# Bose solo 5



## BrummyPete (Jun 10, 2010)

As j broke my old tv and just replaced with a shiny Samsung 4k jobby im in the lookout for a well priced sound bar, the bose solo 5, anyone got on air any recommendations, my tv only cost 300 so don't want to spend the same on a sound bar if I can help it


----------



## uberbmw (Jan 31, 2006)

I would get the SONY HT-S350 or JBL Bar Studio

https://www.richersounds.com/jbl-bar-studio-black.html

https://www.richersounds.com/jbl-bar-2-0-all-in-one-black-1589360299.html?nosto=landing-nosto-1


----------



## Peirre (Jun 29, 2015)

I’ve just ordered myself an LG SN4 soundbar from John Lewis for £149


----------



## Andyblue (Jun 20, 2017)

Problem you’ve got mate, is that you really need to go and listen to any of them yourself (which is a major issue at present!) as what I like you might not and visa-versa.
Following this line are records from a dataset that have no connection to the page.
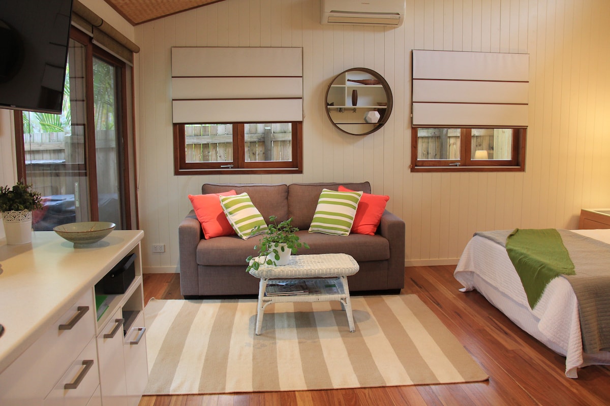 Samostalna garsonjera je odvojena od glavnog prebivališta koje vodi do nacionalnog parka, s opsežnom mrežom staza za planinarenje ili trčanje. Studio prostor s indukcijskom pločom za kuhanje, mikrovalnom pećnicom i roštiljem na terasi, korištenje zajedničkog bazena. Minuta do : 10 hoda do mirne netaknute surferske plaže 7 vožnja funky Peregian Beach kafići i prodavnice 10 vožnje do Noosa Junctiona 8 minuta hoda do autobuske stanice - besplatni prazni autobusi tokom Božića i Uskrsa u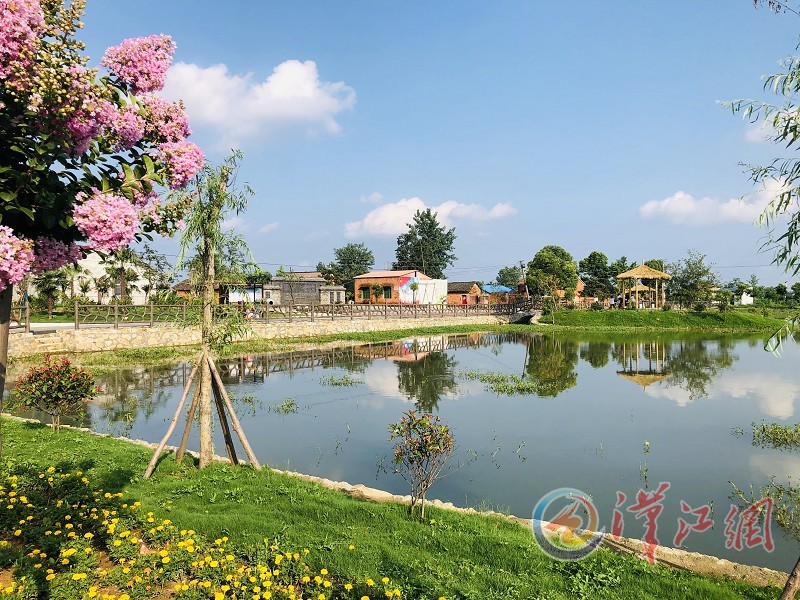 贺湾村立足生态环境特色,就地取材,绘就了一幅“绿树绕、百花渐、碧波荡、炊烟袅”的美丽乡村水墨画。
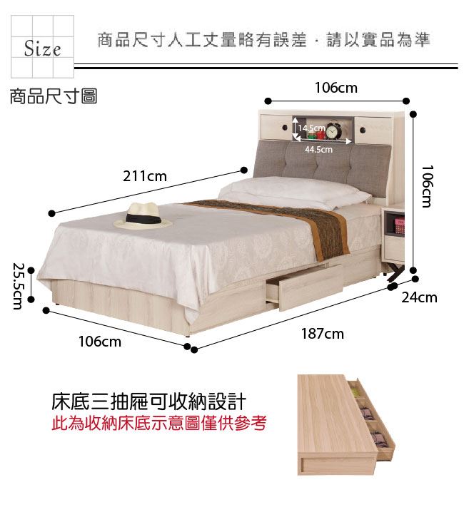 材質 | ◆產品名稱: 【綠家居】柏文 淺橡3.5尺單人棉麻布三抽床台組合(床頭箱+三抽床底+不含床墊) 床頭箱尺寸:(寬)106x(深)24(高)106/公分 床底尺寸:(寬)106x(深)187(高)25.5分 組合尺寸:(寬)106x(深)211(高)106/公分 ◆材質: 材質:防蛀木心板+六分木床板+透氣棉麻布+高密度泡棉+防潮耐磨腳座 噴漆:防潮耐磨噴漆處理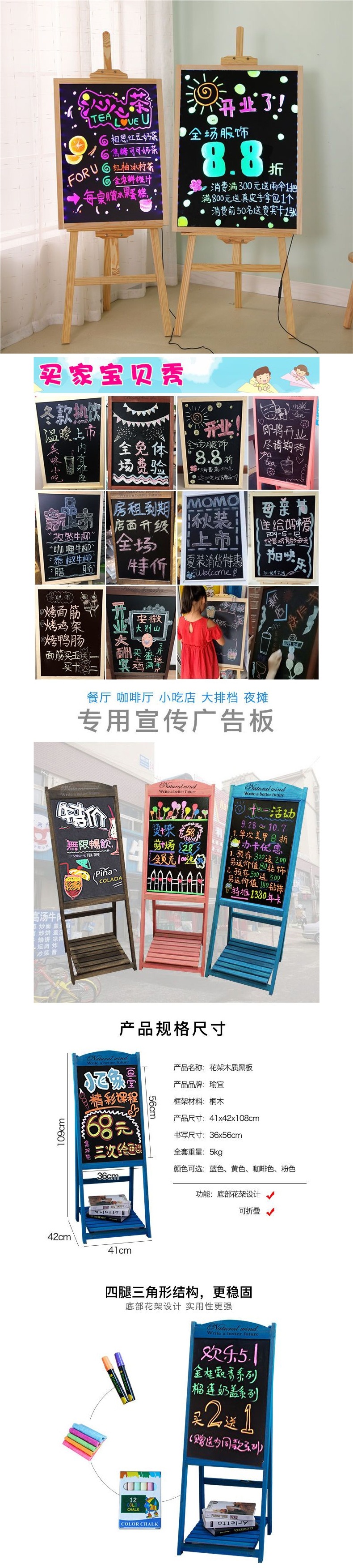 작은 칠판 스탠드 유형 홈 크리 에이 티브 드로잉 보드 수직 상점 광고 보드 어린이 쓰기 보드 분필 칠판 교수형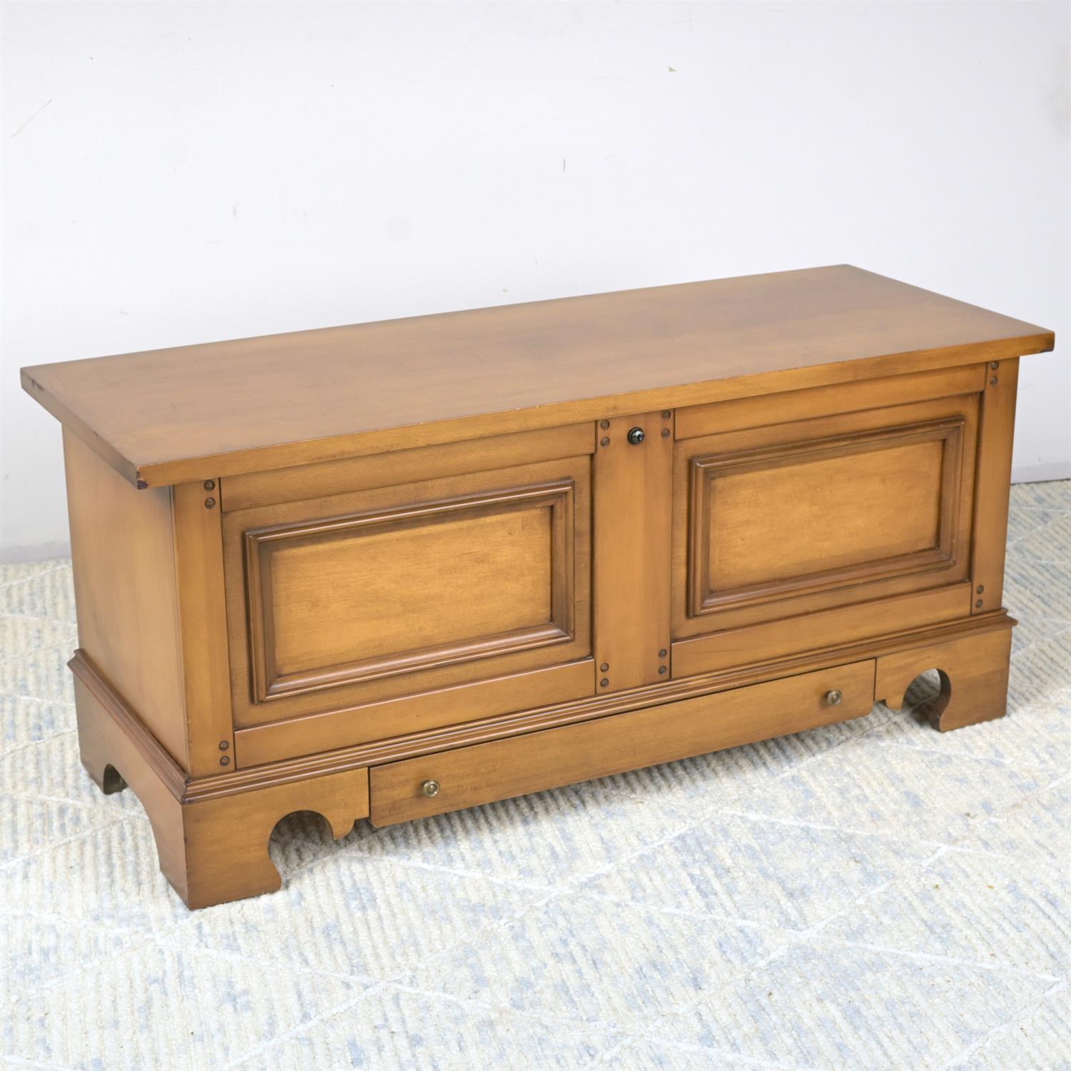 AN AMERICAN GEORGIAN-STYLE CHEST, FITTED WITH A TRAY TO THE INTERIOR (51H X 115W X 43D CM) (LEONARD JOEL DELIVERY: X-LARGE)

Sound is a particularly personal experience and to a point, the more you spend the better the quality. 

How does the new TV sound and what’s it lacking for you ? 

I’ve listened to the Bose previously and was pleased with it, but I upped my budget a bought a bigger unit, which I’m very happy with. 

I’d definitely recommend purchasing from a good store that is very easy to return and exchange for a different model, should you not like it when you try it...


----------



## BrummyPete (Jun 10, 2010)

Andyblue said:


> Problem you've got mate, is that you really need to go and listen to any of them yourself (which is a major issue at present!) as what I like you might not and visa-versa. Sound is a particularly personal experience and to a point, the more you spend the better the quality.
> 
> How does the new TV sound and what's it lacking for you ?
> 
> ...


The tv isn't really lacking, just want a bit more drama when playing a film, I may wait until we can actually go to shops again, I agree its best to hear them before buying


----------



## nbray67 (Mar 22, 2012)

If you have FB, I'd keep an eye out on Marketplace as some very good tech appears on there from time to time for a fraction of new.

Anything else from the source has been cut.